* _What is required_: Your answer must be the exact lines of the listing below that run from the line with "Straight Lance, Foam" to the line with "Transform your holiday", ends included, and no pictures.

* _Supplied data_:
********************

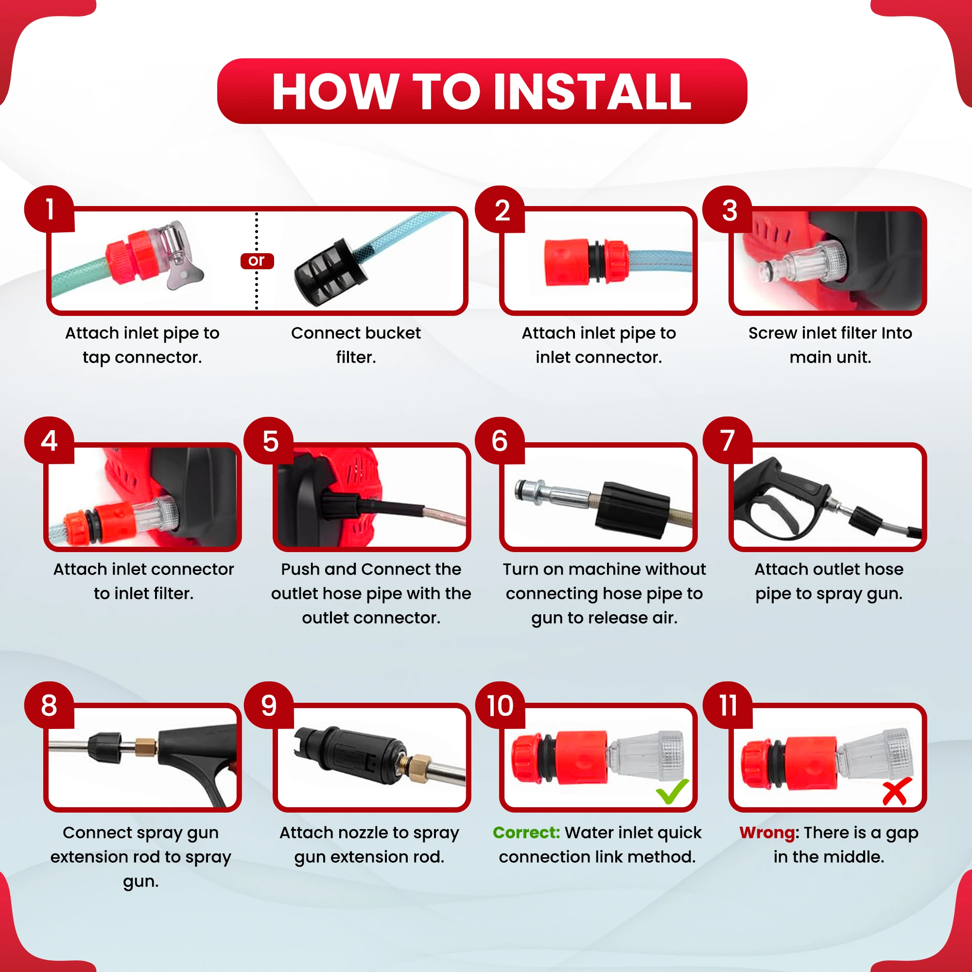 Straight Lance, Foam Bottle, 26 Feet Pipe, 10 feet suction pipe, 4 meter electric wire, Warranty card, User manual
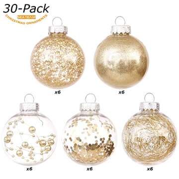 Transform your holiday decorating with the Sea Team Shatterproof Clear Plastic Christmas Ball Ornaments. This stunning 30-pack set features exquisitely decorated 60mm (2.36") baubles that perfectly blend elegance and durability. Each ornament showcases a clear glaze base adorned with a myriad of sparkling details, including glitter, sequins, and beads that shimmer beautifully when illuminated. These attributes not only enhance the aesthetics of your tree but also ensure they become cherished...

********************

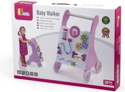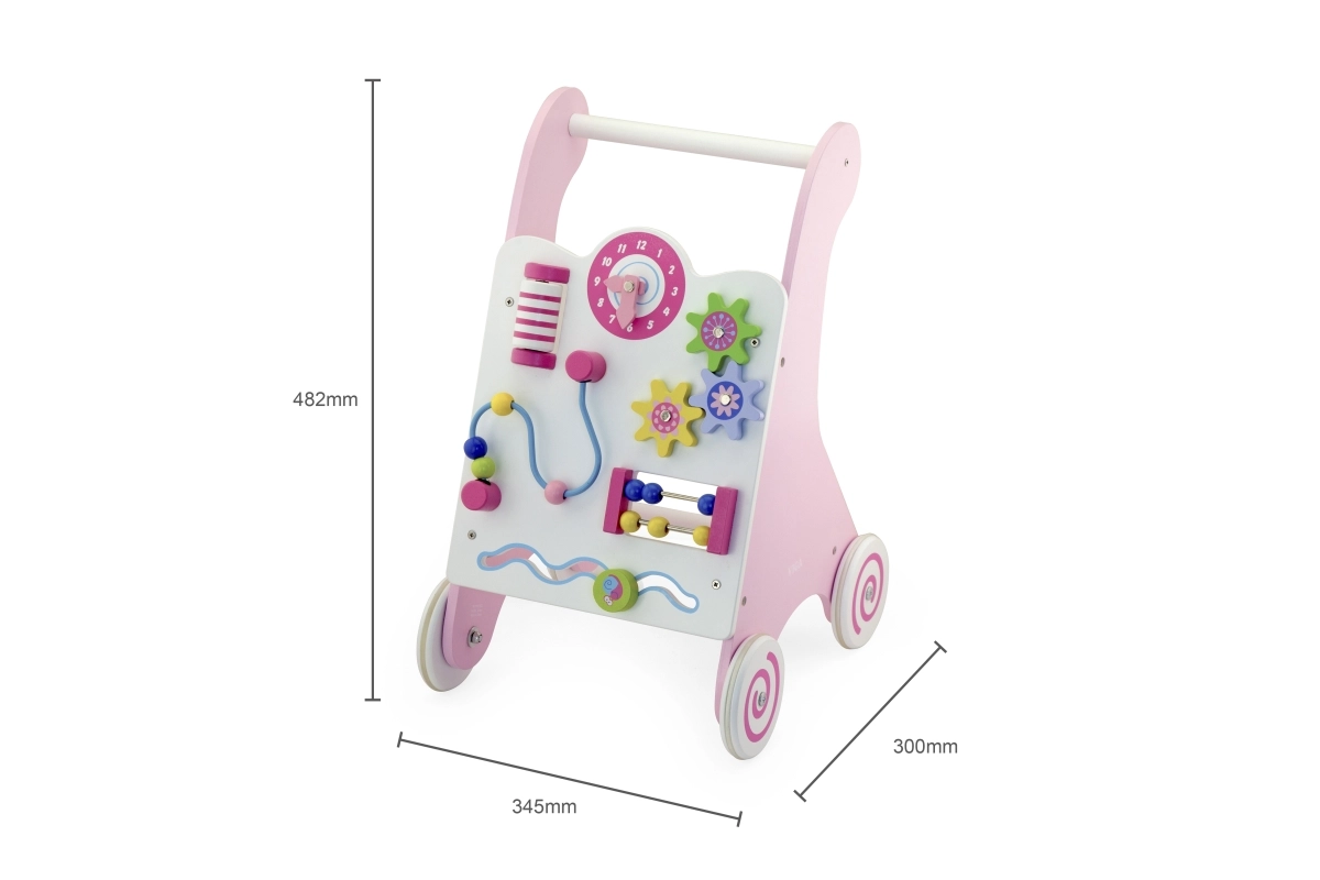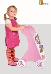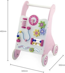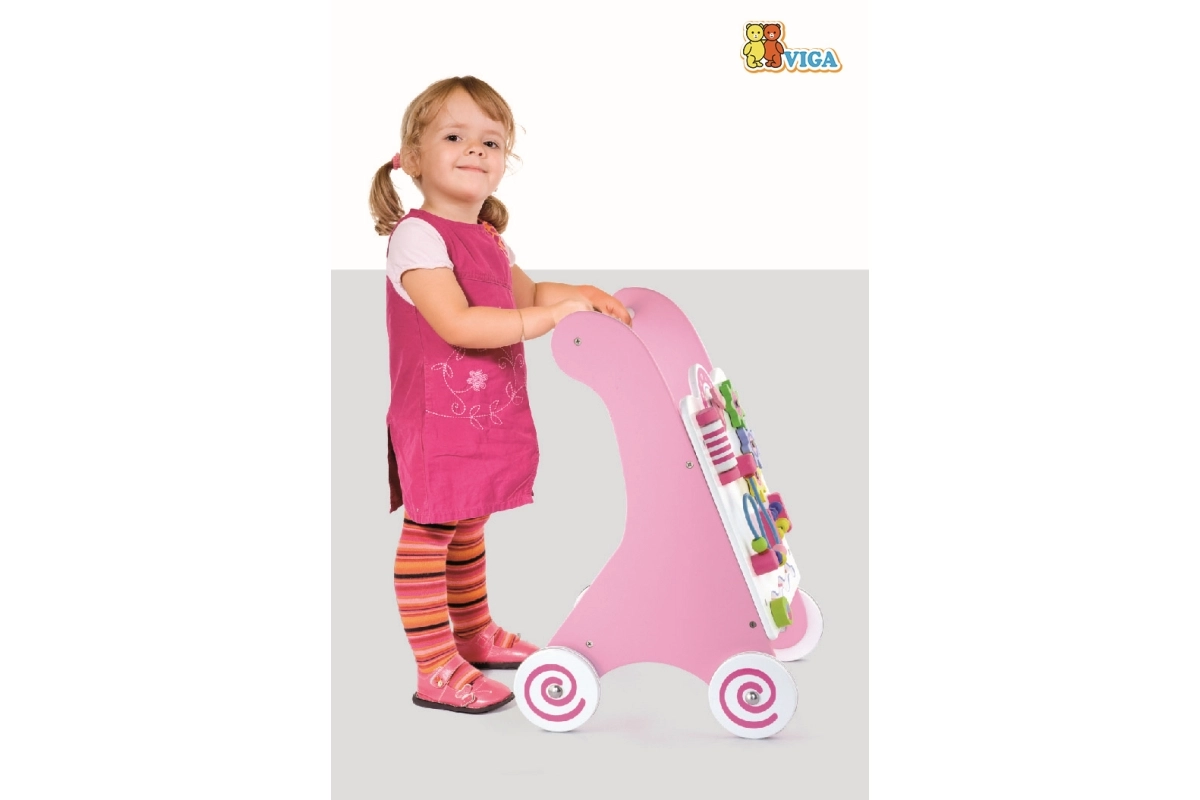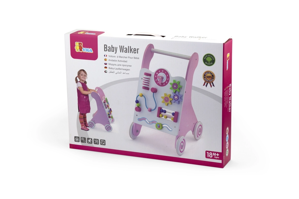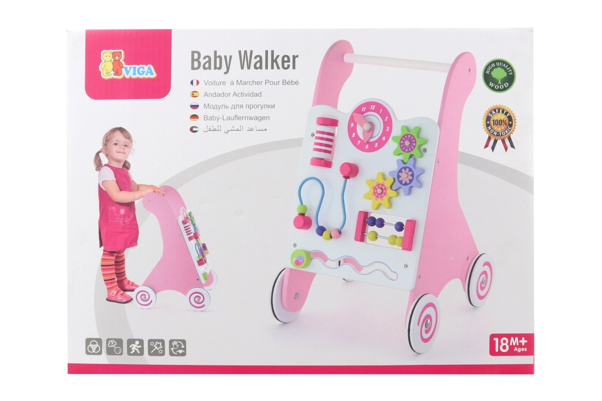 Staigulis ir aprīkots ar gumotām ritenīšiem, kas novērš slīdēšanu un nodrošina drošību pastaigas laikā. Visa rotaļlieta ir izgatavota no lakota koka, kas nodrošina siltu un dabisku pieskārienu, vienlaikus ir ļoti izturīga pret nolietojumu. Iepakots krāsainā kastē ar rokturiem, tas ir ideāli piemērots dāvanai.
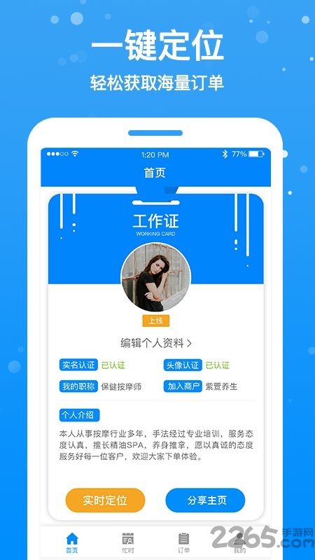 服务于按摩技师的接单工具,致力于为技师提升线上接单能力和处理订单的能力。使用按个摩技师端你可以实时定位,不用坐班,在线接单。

********************

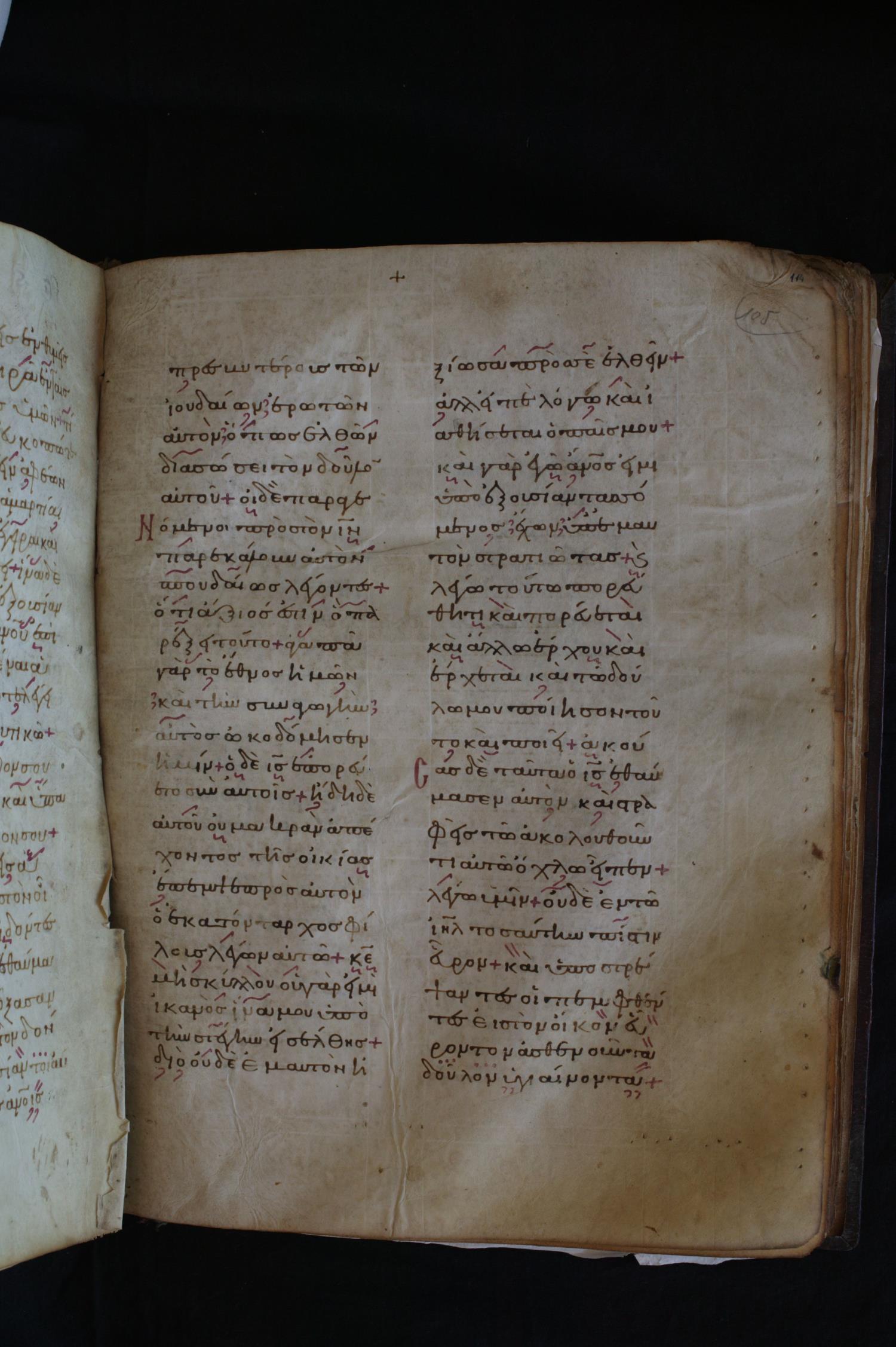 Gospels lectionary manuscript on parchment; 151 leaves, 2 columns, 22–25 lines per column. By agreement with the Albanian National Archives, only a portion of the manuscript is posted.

********************

* _Written reply_:
 Straight Lance, Foam Bottle, 26 Feet Pipe, 10 feet suction pipe, 4 meter electric wire, Warranty card, User manual
 Transform your holiday decorating with the Sea Team Shatterproof Clear Plastic Christmas Ball Ornaments. This stunning 30-pack set features exquisitely decorated 60mm (2.36") baubles that perfectly blend elegance and durability. Each ornament showcases a clear glaze base adorned with a myriad of sparkling details, including glitter, sequins, and beads that shimmer beautifully when illuminated. These attributes not only enhance the aesthetics of your tree but also ensure they become cherished...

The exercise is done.